As the state court transcript appended to the majority opinion makes clear, the trial court neither followed the preferred procedure nor otherwise insured that Moreno’s waiver was knowing and intelligent. No effort was made to explain the nature of the charges or to ascertain whether Moreno understood the nature of the charges he was facing. There is, similarly, no mention in the colloquy of the possible penalties Moreno faced (he was sentenced to a 36-year term of imprisonment). And, as those portions of the transcript quoted in the majority opinion demonstrate, Moreno was warned of the consequences of self-representation only in the vaguest and most general terms.2 Moreno was not queried or informed about any of the intricacies of trying a criminal case, including voir dire and jury selection, the rules of evidence (e.g., hearsay, leading questions, authentication, opinion testimony), his familiarity with obtaining compulsory process for witnesses or documents, discovery, or Brady rights. The record is simply barren of these matters.

This lacuna in the record is all the more troubling because it is apparent from the record that Moreno did not really want to represent himself, but wanted another attorney, other than the Public Defender, appointed to represent him. When asked on February 6, 1981, whether he “intend[ed] to represent yourself at this point or do you have another counsel?” Moreno responded: “No. I have no choice to — but to represent myself.” And later in the same proceeding, Moreno reiterated his position: “I’m not refusing my right to a lawyer, and I won’t say that[.] I’m not. Simple as that.”

*673I thus conclude that this is not one of those rare cases in which, in spite of the trial court’s failure to engage in the preferred colloquy, the record nonetheless discloses that the defendant “understood [] the proceedings, including the possible consequences, and the dangers of acting as his own attorney.” Harding, 834 F.2d at 857.

Respectfully, the majority has not only disregarded Balough, but has also ignored the teaching of Harding, Hendricks, and Snook, cases which clearly establish the minimum requirement in state habeas cases for a constitutionally acceptable Far-etta inquiry. Because this case does not meet that minimum requirement in that the defendant’s waiver was not knowingly and intelligently made, I would affirm the district court’s conditional issuance of the writ.

. Because Harding is not a new rule, but the application of Faretta v. California, 422 U.S. 806, 95 S.Ct. 2525, 45 L.Ed.2d 562 (1975), and the rule first laid down in Dujanovic and Cooley, decided in the mid-70s, it presents no retroactivity problem under Teague v. Lane, 489 U.S. 288, 109 S.Ct. 1060, 103 L.Ed.2d 334 (1989). See Penry v. Lynaugh, 492 U.S. 302, 314, 109 S.Ct. 2934, 106 L.Ed.2d 256 (1989). Moreover, we held in Snook v. Wood, 89 F.3d 605 (9th Cir.1996), that the application of Balough to a 1975 state conviction did not violate Teague.

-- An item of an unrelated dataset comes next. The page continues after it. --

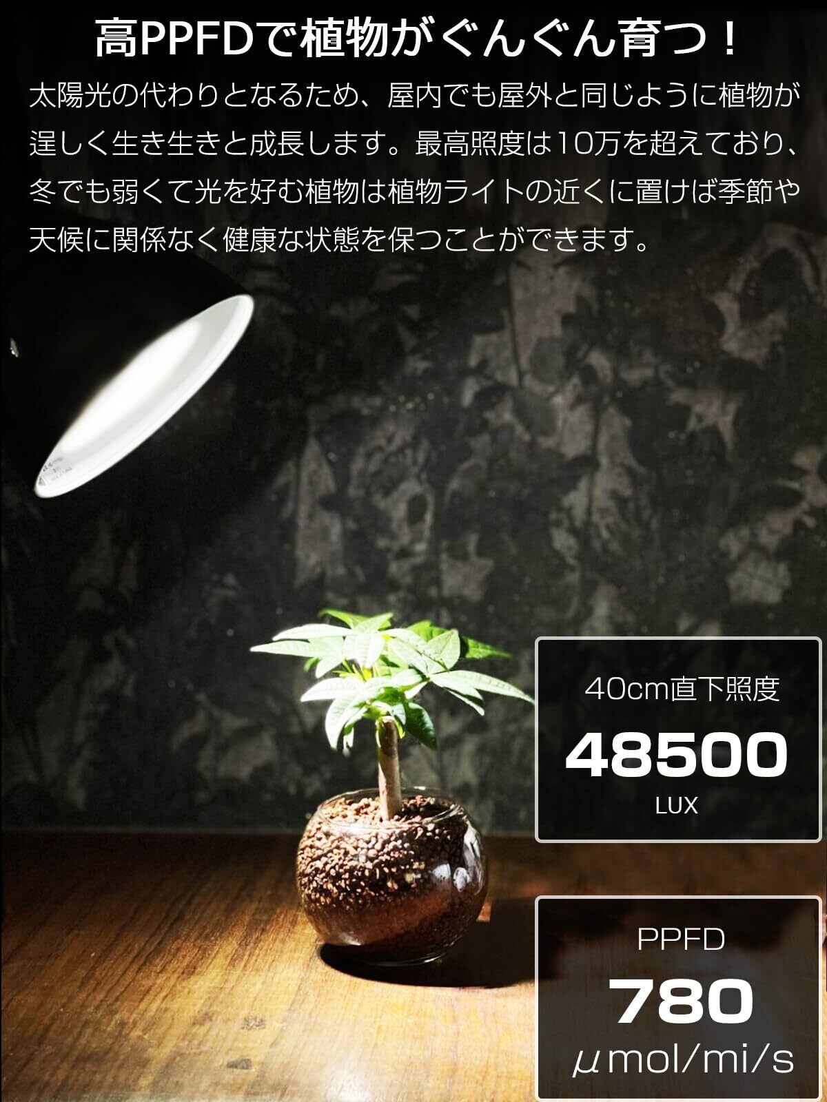 ꕥ【高PPFDでより良い植物育成が可能に】PPFD(光合成光量子束密度)値は780であり、照度は48,500(※LED素子直下距離約40cm)の非常に高い性能を備えておるの24W植物育成ライトは太陽光の代わりとなるため、屋内でも屋外と同じように植物が逞しく生き生きと成長します。最高照度は10万を超えており、冬でも弱くて光を好む植物は植物ライトの近くに置けば季節や天候に関係なく健康な状態を保つことができます。植物用補光LEDとしても十分な光量性能を搭載し、曇天、雨天、陰、屋内でも補光を強力サポートします。

See id. at 612-13.

The majority also asserts that "because Ba-lough is not a rule of constitutional law, it is not available to a petitioner proceeding with a habeas corpus petition.” Because Harding is a state habeas case, however, the procedure it approved for a Faretta waiver was necessarily based on the Constitution and is a protection guaranteed by the Constitution, as required by Stone v. Powell, 428 U.S. 465, 486, 96 S.Ct. 3037, 49 L.Ed.2d 1067 (1976).

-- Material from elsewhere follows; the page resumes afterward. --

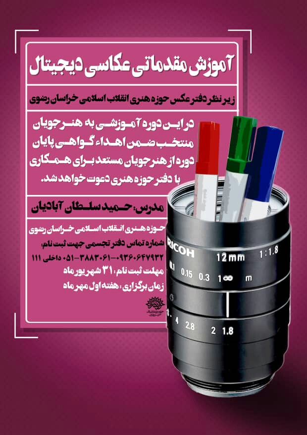به گزارش واحد خبر روابط عمومی حوزه هنری انقلاب اسلامی خراسان رضوی، این دوره آموزشی با تدریس حمید سلطانآبادیان از عکاسان مطرح مشهد، مباحث مختلفی همچون نگاهی به تاریخ عکاسی در ایران و جهان، آشنایی با انواع دوربینهای عکاسی و قطعات دوربین، شناخت کادر و مقدمهای بر ترکیببندی و نورسنجی در عکاسی، ویرایش عکس با نرمافزار فتوشاپ و لایت روم در سطح مقدماتی و آشنایی با عکاسان مطرح ایران و جهان را شامل میشود.

. Moreno was told, for example:

• You will be charged with the same knowledge as an attorney in this court room. I will not bend over backwards to help you if a mistake is being made.
® I want to warn you of the consequences of representing yourself, like I told you earlier, I’m not going to give you any special favors or compensation....
• We need to make sure that you understand-first of all, I’m sure you’re aware of this, that anything you say can and will be used against you, since it’s all being put down on the record.